What a stock market ‘correction’ means to you
A “correction” is a Wall Street term for when an index like the Dow industrials or the Nasdaq – or an individual stock – falls 10 percent from its most-recent high. Crude oil briefly dipped below $40 a barrel for the first time since March of 2009.
Signs of a sharp slowdown in the world’s second-largest economy have unnerved investors since Beijing surprised markets last week by devaluing its currency.
The Dow Jones Industrial Average declined 531 points, or 3.1 per cent, to close 16459.75.
Adding to the worries, the Chinese markets showed another steep decline overnight, with the Shanghai Composite Index plunging by 4.3 percent.
BROAD DROP: All 10 sectors of the S&P 500 fell, led by a 1.9 drop in information technology shares.
The market turmoil has some traders exercising caution. A stock is considered to be oversold if the RSI reading falls below 30. “Nimble…is the new black”. And Europe’s economy appears to be emerging from its long slump.
Apple entered bear territory, with their closing price down more than 20 percent since its April 28 high. The Dow closed at 16,451, down 3.12 percent today alone.
To make matters worse, on Friday, Markit reported that the Caixin Flash China General Manufacturing PMI fell to 47.1 in August, hitting a 77-month low.
Back in the U.S., government bond prices rose, pushing the yield on the 10-year Treasury note down to 2.04 percent.
Deere (DE) cut its outlook for fiscal 2015, with the world’s biggest maker of farm equipment projecting sales of equipment falling more than initially forecast, as prices for corn and soybeans fell.
Taipei fell 3.02%, or 242.89 points, to 7,786.92; Taiwan Semiconductor Manufacturing Co shed 3.97% to Tw$121.0 while Fubon Financial Holding lost 3.02% to Tw$49.85.
Wall Street is headed for its worst week of the year as concerns over the health of the global recovery continue to dominate investor sentiment.
“The Chinese have created an air of fragility around the globe”.

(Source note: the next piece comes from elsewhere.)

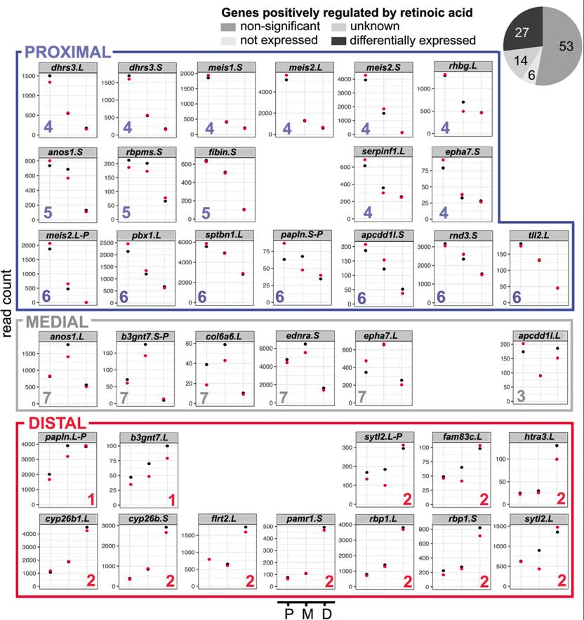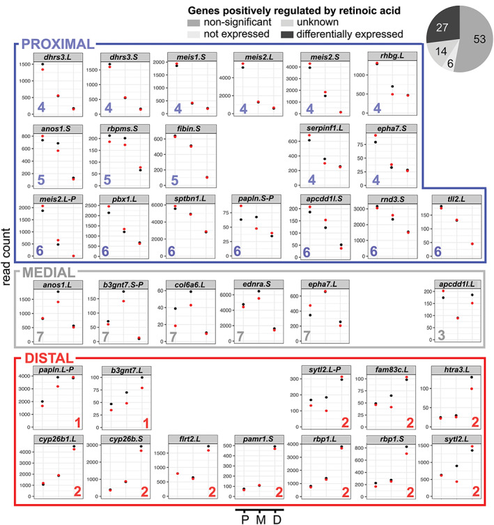 Figure 6. Genes previously shown to be upregulated by retinoic acid in axolotl limbs do not show consistent expression distributions in Xenopus limbs. One hundred different genes identified as upregulated by RA in axolotl limb18 were identified one of four categories: unknown (no Xenopus homologue), not expressed (not found in Xenopus stage 51 limb bud), nonsignificant (expression is not significantly different across the three limb bud sections) or differentially expressed. Homologs of the 27 differentially expressed genes in the allotetraploid Xenopus laevis are found in all seven clusters, cluster number is indicated by colored number at the base of each graph, read counts are shown on the y-axis and position on the x-axis. P = proximal, M = medial, D = distal. Replicates are represented by red and black dots and where only one dot can be seen, these overlap completely. Colored boxes are used to group clusters with proximal, distal or medial/terminal expression patterns |

THE QUOTE: “China has been on a mission to keep up the illusion of a gradual slowdown, but dealers aren’t buying it anymore”, said David Madden, market analyst at IG. South African stocks slipped 1.5 percent in Johannesburg on Friday for the biggest weekly decline in four years.
The devaluation of the yuan last week has shaken confidence in the world’s No. 2 economy.
Until recently, investors seemed willing to shrug off any worrying news, confident that low interest rates from the Federal Reserve and rising corporate profits would help push stocks higher. That’s dredging out the market’s worst enemy: uncertainty.
“We won’t accept being in the euro area and having bail-out programs imposed on us”, said the firebrand Marxist mathematician.
Markets opened the day deep in negative territory but pared some of those losses by mid-morning.
ENERGY: Benchmark U.S. crude fell 55 cents per barrel to $40.76 in electronic trading on the New York Mercantile Exchange.
The pan-European Stoxx 600 (^STOXX) was trading 1.6 percent lower. Earlier it fell to as low as $US4,992.50 a tonne, just $US16 above Wednesday’s six-year low.